A Methodology

In this Section, we discuss the GraphR model and priors in Section A.1 and brief introduction to variational Bayes inference method with mean-field assumption in Section A.2 followed by detailed derivation of the update equations and evidence lower bound (ELBO) for our GraphR model in Section A.3 and Section A.4 respectively. In Section A.6, we provide a comprehensive overview of the GraphR and competing methods.

For notational purposes, we consider $\mathbf{Y} = (Y_1,...,Y_p) \in \mathbb{R}^ {N \times p} \sim \mathcal{N}(\mu,\Omega^{-1}(\mathbf{X}))$, where the precision matrix $\Omega(\mathbf{X}) = [\omega_{ij}(\mathbf{X})]_{p \times p}$ is a function of intrinsic factors $\mathbf{X} = (X_1,...,X_q) \in \mathbb{R}^ {N \times q}$ and denote $\boldsymbol{\theta}$ as the parameters of estimation. Here $N$, $p$, $q$ denotes sample size, number of features and covariates respectively.

A.1 Model and priors

The GraphR model is expressed as follows: \[\begin{equation} \begin{split} & Y_i = \sum_{j \neq i}^p \gamma_{ij}(\mathbf{X}) \odot Y_j + \epsilon_i, \hspace{0.5cm} \epsilon_i \sim N(0,\frac{1}{\omega_{ii}}), \\ & \gamma_{ij}(X) = -\frac{\omega_{ij}(\mathbf{X})}{\omega_{ii}} = -\frac{1}{\omega_{ii}} \mathbf{X} \boldsymbol{\beta_{ij}} = -\frac{1}{\omega_{ii}} \left(\sum_{l=1}^q \beta_{ijl}X_l \right) \end{split} \tag{A.1} \end{equation}\] where $\odot$ represents the element-wise multiplication between vectors.

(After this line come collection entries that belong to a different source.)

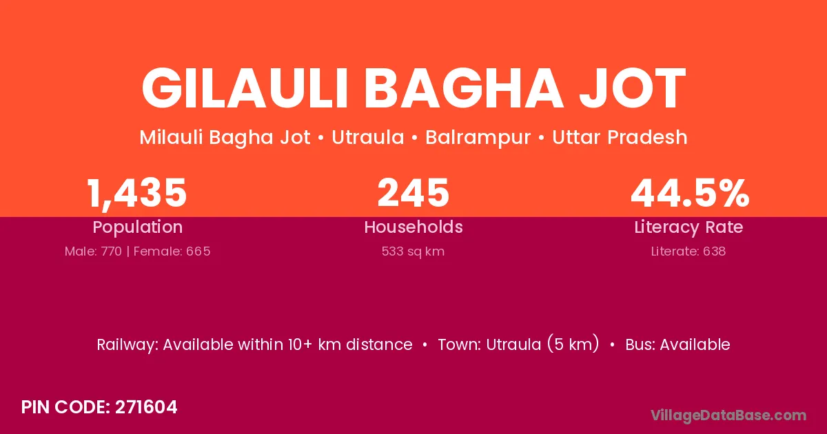 Utraula (5 km) is the nearest town to Gilauli Bagha Jot village for major economic activities and is located approximately 5 km away.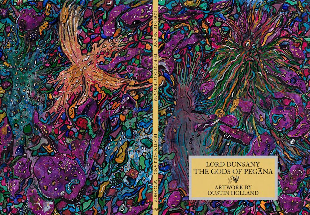 First published in 1905, Lord Dunsany’s The Gods of Pegāna is one of the most important and influential works of modern fantasy literature. The book is a series of short stories linked by Dunsany’s invented pantheon of deities who dwell in Pegāna. It was followed by a further collection, Time and the Gods, some stories in The Sword of Welleran and Other Stories, and Tales of Three Hemispheres. The groundbreaking, imaginative novel introduced readers to a pantheon of unforgettable gods and a rich new mythology that would inspire HP Lovecraft, J.R.R Tolkien, Ursula K Leguin, and generations of fantasy and science-fiction creators. Now Denver’s Wig Shop, a prestige publisher of independent comics and art books, is collaborating with artist Dustin Holland on a hallucinatory visualization of Dunsany’s kaleidoscopic cosmic fancies featuring full-color paintings on every page. The deluxe paperback is coming soon to Kickstarter.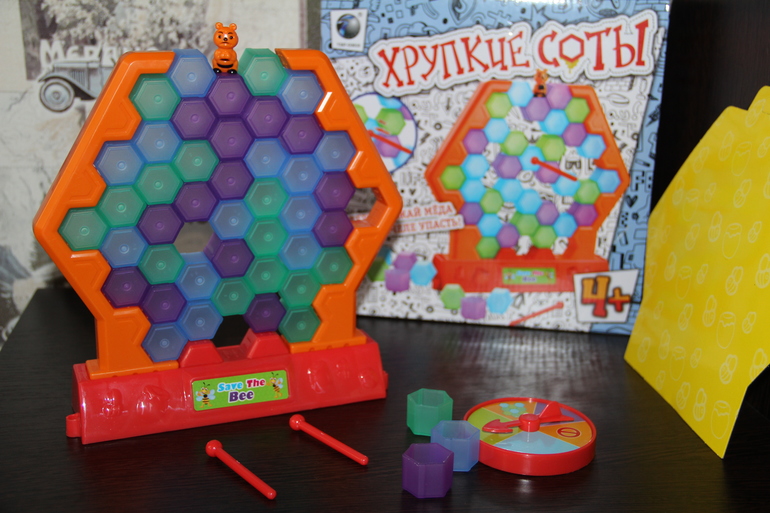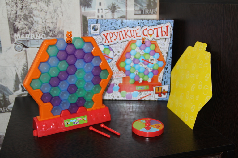 Недавно в сообществе Ирина-модератор рассказывала про неё, забавная игра, но постоянно ползать собирать ее замучаешься, еще хуже отобрать у младшего, если к нему в руки деталь попала. Где-то была у нас аналогичная про Кота на стене, но не нашла, скорее всего к бабушке уехала, так вот что тот кот, что эта пчёлка выглядят очень злыми.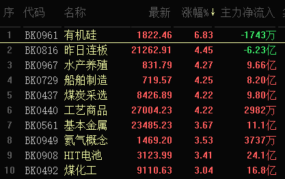 從盤面來看,有機(jī)硅板塊指數(shù)飆升6.83%,排名第一,板塊大單資金凈流出達(dá)1743萬元,有恒星科技等7只個(gè)股漲停。

Priors on the GraphR model are given below: \[\begin{align} \begin{split} & \beta_{ijl} = b_{ijl} s_{ijl}, \\ & b_{ijl} \mid \tau_{il} \sim N (0,\tau_{il}^{-1}), \\ & s_{ijl} \mid \pi_{ijl} \sim \text{Ber}(\pi_{ijl}), \\ & \tau_{il} \sim \text{Gamma}(a_\tau,b_\tau) \\ & \pi_{ijl} \sim \text{Beta}(a_\pi,b_\pi) \\ & \omega_{ii} \propto 1. \\ \end{split} \tag{A.2} \end{align}\]

Parameters of estimation are $\boldsymbol{\theta} = \{ \boldsymbol{b,s,\omega,\pi,\tau}\}$.

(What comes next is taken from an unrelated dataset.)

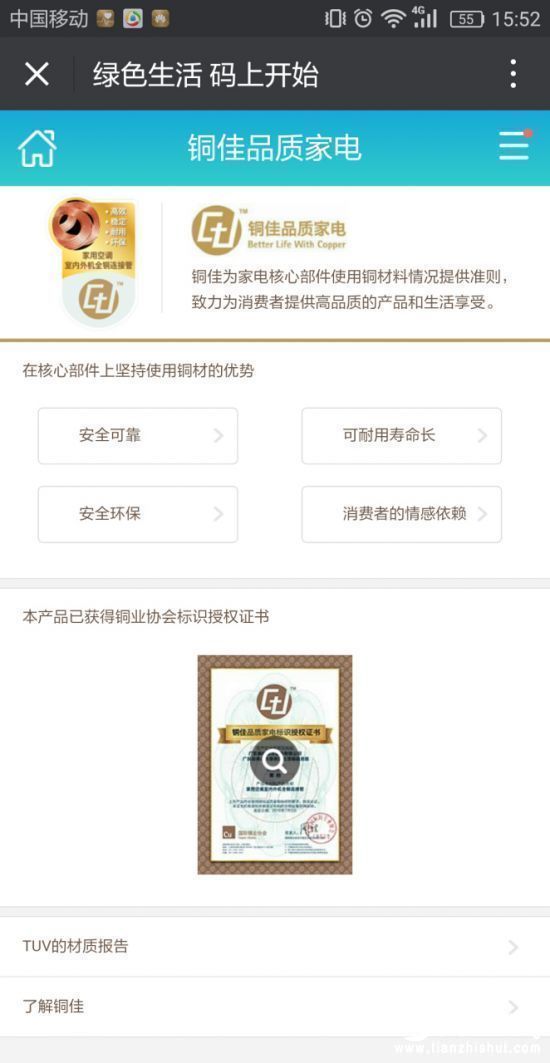 首先,信息平台会告诉你这款家用电器到底哪个核心零部件使用了铜材料,以及使用铜材料后,这款产品具备了哪些优良品质,例如,安全可靠、耐用寿命长、安全环保等。此外,铜佳标识链接的信息平台会展示该型号产品获得的“国际铜业协会标识授权证书”和“第三方权威检测机构TUV的材质检测报告”。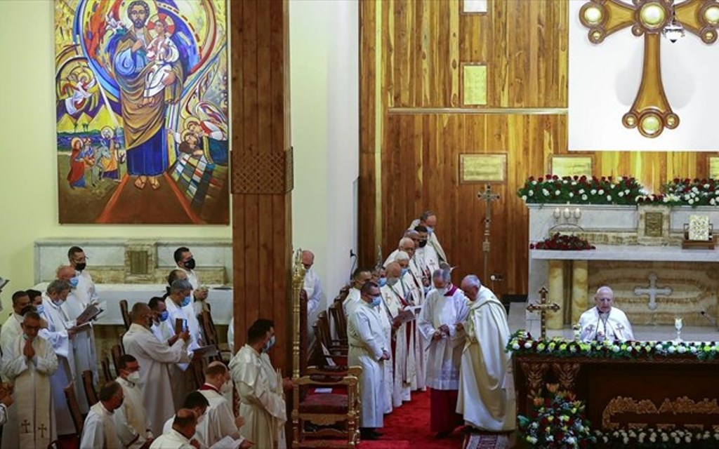 Ο Πάπας Φραγκίσκος τέλεσε σήμερα την πρώτη λειτουργία του ταξιδιού του στο Ιράκ, στη Βαγδάτη, ενώπιον πιστών και επισήμων, οι οποίοι στέκονταν αραιά μεταξύ τους λόγω της πανδημίας του κορωνοϊού, σύμφωνα με δημοσιογράφους του Γαλλικού Πρακτορείου.

A.2 Mean field variational Bayes

Varitional Bayes method aims to obtain the optimal approximation of true posterior distribution from a class of tractable distributions $Q$, called variational family, by minimizing the Kullback-Leibler (KL) divergence between the approximate $q_{\text{vb}}(\boldsymbol{\theta})$ and the true posterior distribution $p(\boldsymbol{\theta|\mathbf{Y,X}})$ (Attias et al. 2000). A common choice of $Q$, known as mean-field approximation, assumes that $q_{\text{vb}}(\boldsymbol{\theta})$ can be expressed as $\prod_{k=1}^K q^k_{\text{vb}}(\boldsymbol{\theta_k})$ for some partition of $\boldsymbol{\theta}$. One can write $q_{\text{vb}}(\boldsymbol{\theta})$ as

\[\begin{align}\label{eq:KL_div} & q_{\text{vb}}^{*}(\boldsymbol{\theta}) \in \text{arg} \underset{q_{\text{vb}}(\boldsymbol{\theta}) \in \mathbb{Q}}{\text{min}} \ KL(q_{\text{vb}}(\boldsymbol{\theta})\|p(\boldsymbol{\theta |Y,X})) \text{, where} \nonumber \\ & KL(q_{\text{vb}}(\boldsymbol{\theta})\|p(\boldsymbol{\theta|Y,X})) = \int q_{\text{vb}}(\boldsymbol{\theta}) \text{ log} \left (\frac{q_{\text{vb}}(\boldsymbol{\theta})}{p(\boldsymbol{\theta|Y,X})}\right)d\boldsymbol{\theta} \nonumber \\ & = - \int q_{\text{vb}}(\boldsymbol{\theta}) \text{ log} \left (\frac{p(\boldsymbol{\theta|Y,X})}{q_{\text{vb}}(\boldsymbol{\theta})}\right)d\boldsymbol{\theta} = - \int q_{\text{vb}}(\boldsymbol{\theta}) \text{ log} \left (\frac{p(\boldsymbol{\theta,Y,X})}{q_{\text{vb}}(\boldsymbol{\theta})}\right)d\boldsymbol{\theta} + \text{ log} \left[ p(\boldsymbol{Y,X}) \right]. \end{align}\]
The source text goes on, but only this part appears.